Holds information about the environment your program is running in.
This will be passed to your init function. For example:
init env =
Node.startProgram
{ model =
{ maxWidth = env.columns
, maxHeight = env.rows
}
, command =
Cmd.none
}
User Input
Value sent to your onInput
message when the program receives input
(a key is pressed, a signal is received, etc.)
Your program will receive keyboard input as the keys are pressed, as
opposed to getting a bunch of characters after Enter is pressed (under the hood
your terminal program is running in "raw mode"). For example, if someone types
"hi" after starting your program, it will receive a message with KeyChar "h"

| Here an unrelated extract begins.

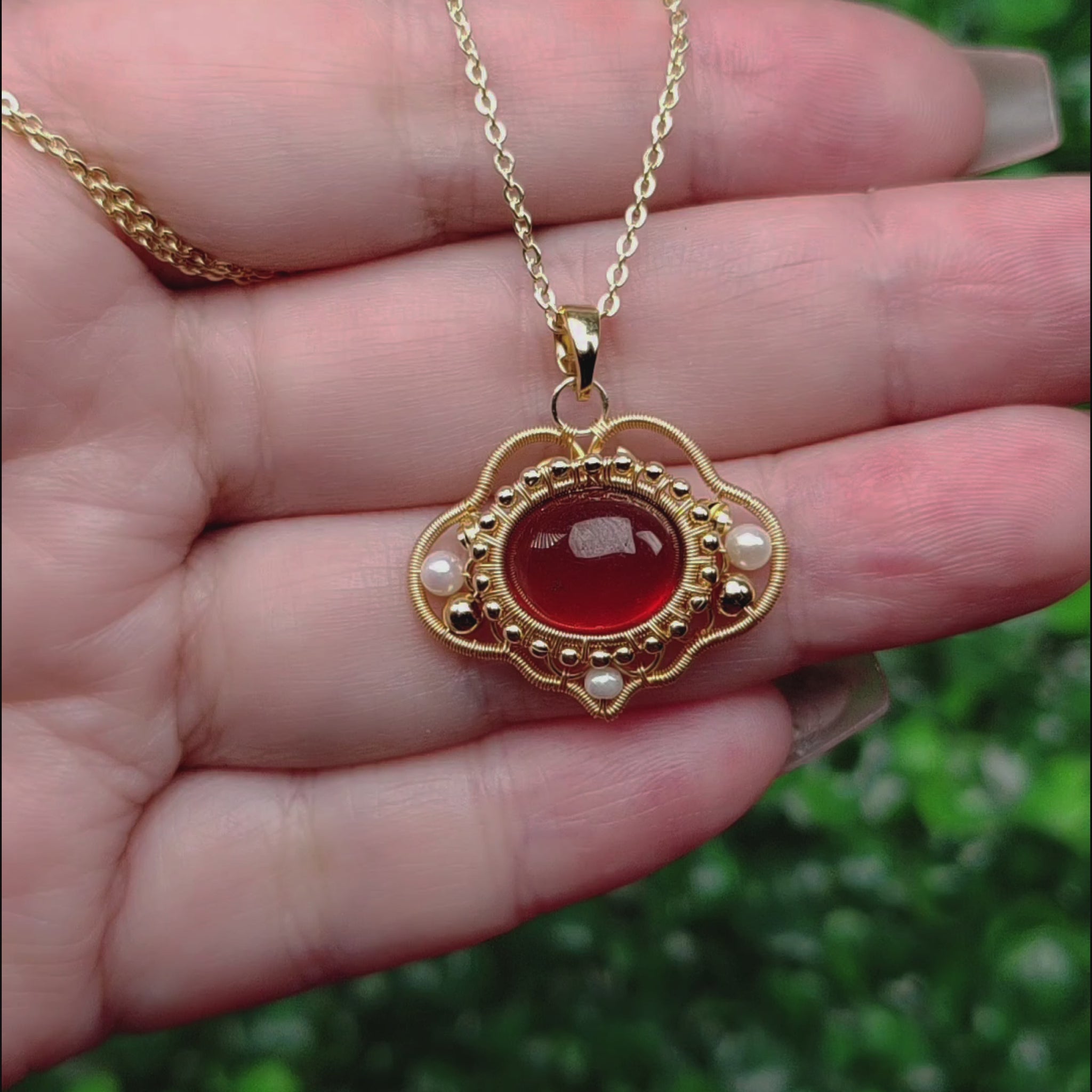 Garnet Ruyi Lock Pendant Necklace, Red Wire Wrapped Pendant, Handmade Vintage Talisman Jewelry, Healing Crystals Necklace Gift for Her Mom

and then another message with KeyChar "i"
.
CursorReport
is a special input type you will receive if you include
Ansi.getCursorReport
in your output. Use this to get the current row and column position of the cursor in the terminal
(where the upper-left corner of the window is row 1 column 1).
CtrlC
is the "abort" signal and gets intercepted by gren-tui to exit your
program. For now you can't depend on receiving this in your app.
Helpers
Task that exits the program.
The Stream argument should be the stdout value you get from Environment
.
This is needed to clean things up (e.g. restore cursor, unset styles, etc).
The program will exit with a 0 status code.
If you want something other than zero, use exitWithCode
.
Here's an example of using it in your update function to exit when the user presses the escape key:
case input of
Tui.Escape ->
{ model = model
, command =
Tui.exit model.stdout
|> Task.execute
}
Task that exits the program with a specific exit code.
The Stream argument should be the stdout value you get from Environment
.
This is needed to clean things up (e.g. restore cursor, unset styles, etc).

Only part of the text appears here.